In this case, the output is extrapolated on a cartesian grid and then written in a vti file.

Parameters:
  • filename (str) – the file name of the output (without extension)

  • nx (int) – number of grid points in the x direction

  • ny (int) – number of grid points in the x direction

  • nz (int) – number of grid points in the x direction

writeVTS(filename, nFiles)[source]

This function stores the output on a structured-grid vts file.

Parameters:
  • filename (str) – the file name of the output (without extension)

  • nFiles (int) – number of outpute files (in case of pvts)

magic.graph2vtk.sph2cart_scal(scals, radius, nx=96, ny=96, nz=96, minc=1)[source]

This function interpolates a series of scalar fields from the spherical coordinates to the cartesian coordinates.

Parameters:
  • scals (numpy.ndarray[nscals,nphi,ntheta,nr]) – an array that contains the different scalar quantities

  • radius (numpy.ndarray) – the input radius

  • nx (int) – number of grid points in the x direction

  • ny (int) – number of grid points in the x direction

  • nz (int) – number of grid points in the x direction

  • minc (int) – azimuthal symmetry

Returns:

a tuple that contains the scalars, the max of the grid and the grid spacing

Return type:

(numpy.ndarray[nscals,nz,ny,nx],float,float)

magic.graph2vtk.sph2cart_vec(vecr, vect, vecp, radius, nx=96, ny=96, nz=96, minc=1)[source]

This function interpolates a series of vector fields from the spherical coordinates to the cartesian coordinates.

Parameters:
  • vecr (numpy.ndarray[nvecs,nphi,ntheta,nr]) – the radial components of the different vector fields

  • vect (numpy.ndarray[nvecs,nphi,ntheta,nr]) – the latitudinal components of the different vector fields

  • vecp (numpy.ndarray[nvecs,nphi,ntheta,nr]) – the azimuthal components of the different vector fields

  • radius (numpy.ndarray) – the input radius

  • nx (int) – number of grid points in the x direction

  • ny (int) – number of grid points in the x direction

  • nz (int) – number of grid points in the x direction

  • minc (int) – azimuthal symmetry

Returns:

a tuple that contains the three vectors components

Return type:

(numpy.ndarray[nvecs,nz,ny,nx],…)

Potential extrapolation

class magic.potExtra.ExtraPot(rcmb, brcmb, minc, ratio_out=2.0, nrout=32, cutCMB=False, deminc=True)[source]

This class is used to compute the potential field extrapolation of the magnetic field in an arbitrary outer spherical shell domain.
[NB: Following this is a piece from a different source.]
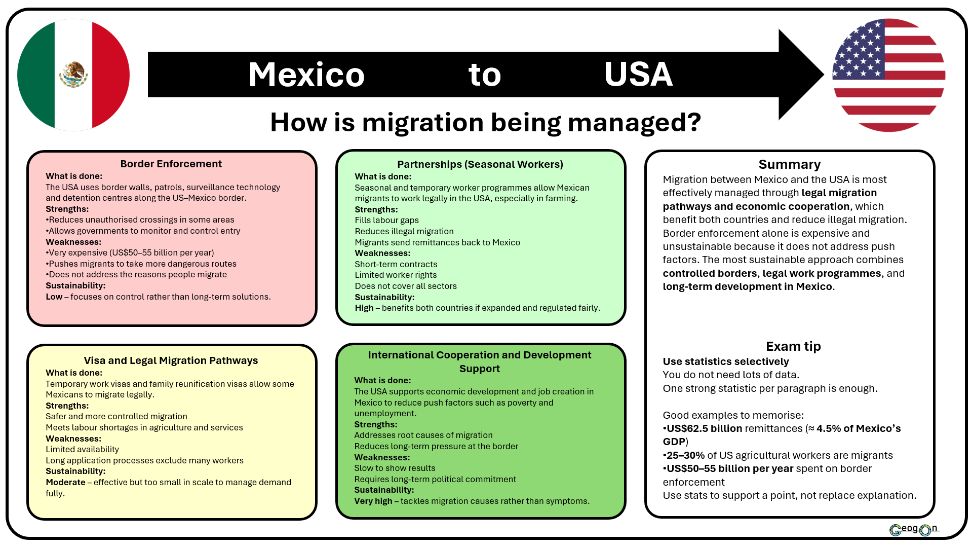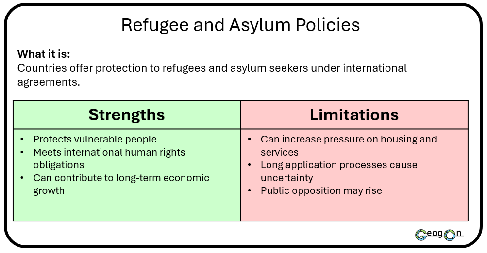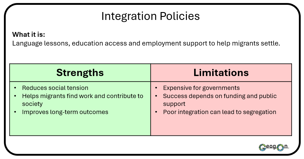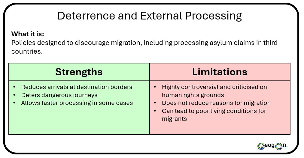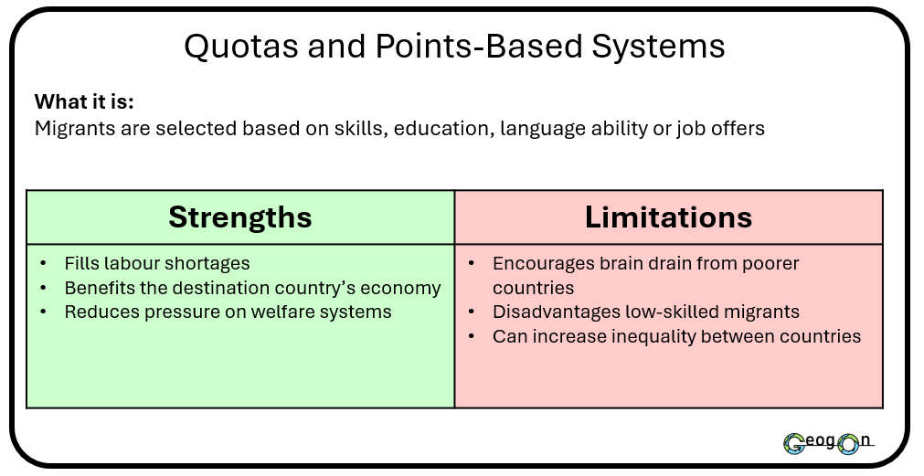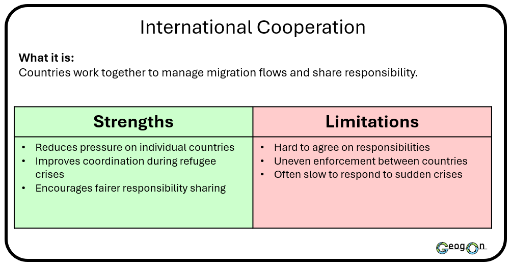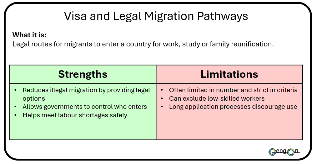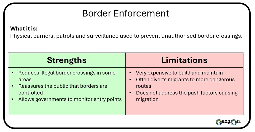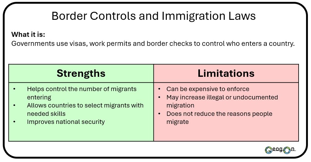 Governments use a range of methods and techniques to manage international migration, including border enforcement, visa systems and international agreements. These strategies aim to control migrant numbers, protect national security and meet economic needs. However, each approach has strengths and weaknesses. Some methods are effective at reducing arrivals but do not address the reasons people migrate, while others support long-term management but are costly or politically challenging.

It takes as an input the magnetic field at the CMB.

__init__(rcmb, brcmb, minc, ratio_out=2.0, nrout=32, cutCMB=False, deminc=True)[source]
Parameters:
  • bcmb (numpy.ndarary) – the surface radial field, array of dimension [np, nt]
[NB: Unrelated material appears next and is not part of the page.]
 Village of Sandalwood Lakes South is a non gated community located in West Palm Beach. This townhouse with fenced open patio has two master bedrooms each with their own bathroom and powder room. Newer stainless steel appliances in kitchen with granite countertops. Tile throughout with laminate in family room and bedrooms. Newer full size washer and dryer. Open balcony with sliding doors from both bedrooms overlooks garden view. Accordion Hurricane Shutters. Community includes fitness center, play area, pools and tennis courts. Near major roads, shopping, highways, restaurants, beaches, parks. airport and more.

  • rcmb (float) – the value of the radius at the surface

  • minc (int) – azimuthal symmetry

  • ratio_out (float) – the ratio of the outer sphere radius to the surface radius

  • nrout (int) – the number of radial point (linearly spaced) of the extrapolated field in the outer spherical domain

  • cutCMB (bool) – a logical if one wants to remove the first grid point (useful if one then wants to merge the graphic file with the extrapolation)

  • deminc (bool) – a logical to indicate if one wants do get rid of the possible azimuthal symmetry

__weakref__

list of weak references to the object (if defined)

avg(field='br', levels=12, cm='RdYlBu_r', normed=True, vmax=None, vmin=None)[source]

A small routine to plot the azimuthal averages of the extrapolated fields.

Parameters:
  • field (str) – the quantity you want to plot: ‘br’ or ‘bp’

  • levels (int) – the number of contour levels

  • cm (str) – the name of the colormap

  • vmax (float) – maximum value of the contour levels

  • vmin (float) – minimum value of the contour levels

  • normed (bool) – when set to True, the colormap is centered around zero. Default is True, except for entropy/temperature plots.